Informações importantes


Rocca Viscontea: fortaleza medieval de Romano di Lombardia

Se passar por estas paragens, a Rocca Viscontea não passa despercebida: maciça, quadrada, com quatro torres que se erguem sobre as casas de Romano di Lombardia. Não espere um castelo de conto de fadas, mas uma fortaleza de fronteira que cresceu entre os séculos XII e XVIII. Entrando no pátio, os séculos leem-se nas muralhas: seixos do rio, tijolos viscontianos, ameias gibelinas tapadas, afrescos venezianos. O contraste entre a função militar e os detalhes refinados – a loggia de Colleoni, o leão de São Marcos – é o que mais me impressionou. Depois há o Museu Memória da Comunidade, que acrescenta uma nota pessoal e comovente, entre recordações das duas guerras.

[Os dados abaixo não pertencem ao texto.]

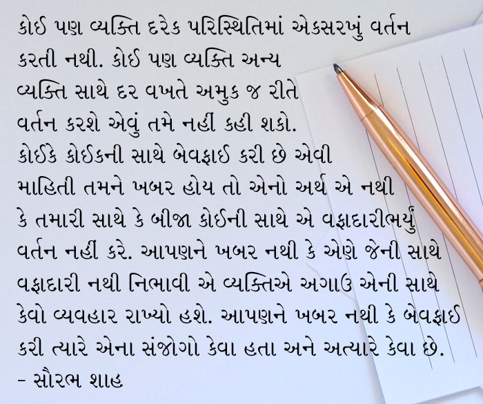 કોઈ પણ વ્યક્તિ દરેક પરિસ્થિતિમાં એકસરખું વર્તન કરતી નથી. કોઈ પણ વ્યક્તિ અન્ય વ્યક્તિ સાથે દર વખતે અમુક જ રીતે વર્તન કરશે એવું તમે નહીં કહી શકો. કોઈકે કોઈકની સાથે બેવફાઈ કરી છે એવી માહિતી તમને ખબર હોય તો એનો અર્થ એ નથી કે તમારી સાથે કે બીજા કોઈની સાથે એ વફાદારીભર્યું વર્તન નહીં કરે. આપણને ખબર નથી કે એણે જેની સાથે વફાદારી નથી નિભાવી એ વ્યક્તિએ અગાઉ એની સાથે કેવો વ્યવહાર રાખ્યો હશે. આપણને ખબર નથી કે બેવફાઈ કરી ત્યારે એના સંજોગો કેવા હતા અને અત્યારે કેવા છે.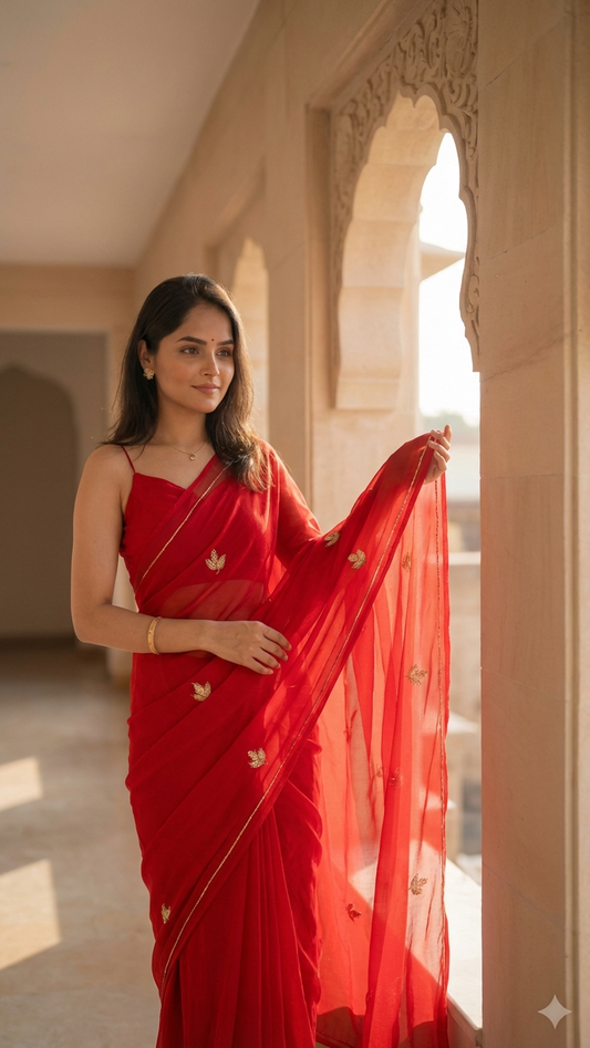 Muralika Red handwork Chiffon Saree

Em poucas palavras: um lugar que conta séculos sem peso, caminhando entre torres, adarves e pátios.

Notas Históricas

A história começa com o burgo fortificado, iniciado depois de 1171. O nome ‘Viscontea’ chega com os Visconti de Milão, que entre os séculos XIV e XV a transformam numa máquina defensiva: fossos cheios de água, ponte levadiça, torres. Depois de 1428, sob Veneza, torna-se residência dos podestà venezianos. Durante alguns meses, também ali permanece Bartolomeo Colleoni, que a torna mais elegante com galerias e janelas trilobadas. No século XVIII, a função militar desaparece, depois a fortaleza acolhe escritórios judiciais. Desde 1968, os restauros trazem à luz os elementos originais.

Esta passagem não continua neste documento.